In 2014, she started attending group psychosocial counseling which helped her to open up to her son about his identity. It was not easy for Ntare to accept the truth once it was revealed to him but time has a way to heal. 21 years old now, Ntare is a brave young man – just like his name suggests - who has let go of the past and is working hard to build a bright future for himself. He hopes that it will be a future that will not be defined by the past or his identity.
Lastly, I would like you to meet a charming young lady who preferred anonymity. She has endured much but her sprit has pushed her to look beyond her past. Akin to many children born of rape, she too has faced rejection and humiliation because of her identity.
Unlike Clement and Ntare, she does not have a strong bond with her mother. Her mother is among possibly thousands of women who have never been able to accept their children born of rape. Growing up, the young lady faced physical and emotional abuse from her mother. She found out about her identity from neighbours when she was only 12 years old. "Upon confronting my mother to confirm the news, she asked me what I would do about it. She asked me whether I too was going to be a killer like my dad. I never confronted her again.’’ She said with tears streaming down her cheeks. She cannot remember any loving words from her mother from her childhood but recalls all the love her siblings got from their mother and the presents from their fathers.
The lady is now in university studying economics and business and plans to pursue further studies in finance and banking. To avoid confrontations with her mother, she moved out of their house and now lives with her aunt. She has not been able to forgive her mother for all the hurt that she has caused her. Although the mother has undergone some psycho-social counseling sessions, she is yet to come to terms with the horrors she faced during the 1994 genocide against the Tutsis. The reason she has remained disconnected to her child.
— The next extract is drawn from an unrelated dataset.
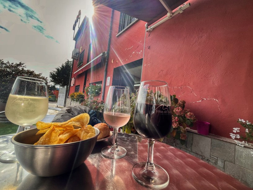 Als ich zurückkomme, serviert die Frau 2 Gläser Wein, zwei Chorizowurst-Stücke in Brot und eine Schüssel Chips. Wir staunen, denn das alles gibt es für nur 1,50 Euro.

She is ashamed of her identity. I asked her whether she would be willing to reveal her identity to the man she would one day fall in love with. "I can never reveal the truth about my identity. I do not think it is easy for people to accept me once they find out the truth. I can reveal the truth to a foreigner because I think it is easier for them to accept me but not to a Rwandan - I do not think it would be easy for a Rwandan to accept me.” She explained.
The challenges faced by women who were raped during the 1994 genocide against the Tutsis and their children born of rape are enormous. Group psycho-social counseling has proved to be one way for them to cope with the issues they face on a daily basis. Many organizations however can only afford to support counseling sessions for women and not their children who are also in desperate need of it. In addition, these women need financial support to raise the children and afford their education as many are rejected even by close family members.
Few organizations support women like Uwimana and Assoumpta. Survivors Fund (SURF) and Foundation Rwanda are funding AVEGA Agahozo, Kanyarwanda and Solace Ministries to provide psycho-social support to the mothers through a community counselling initiative and provide educational support to youth born of genocide rape.
The youth are helped to attend vocational training and secondary school. These organizations are supporting over 500 youth born of rape and have helped 420 mothers to attend group counselling to help them cope with what happened to them. There are more youth and mothers who need support but due to financial constraints, they are not able to finance more students and mothers. Some of the students finish secondary and cannot continue to university.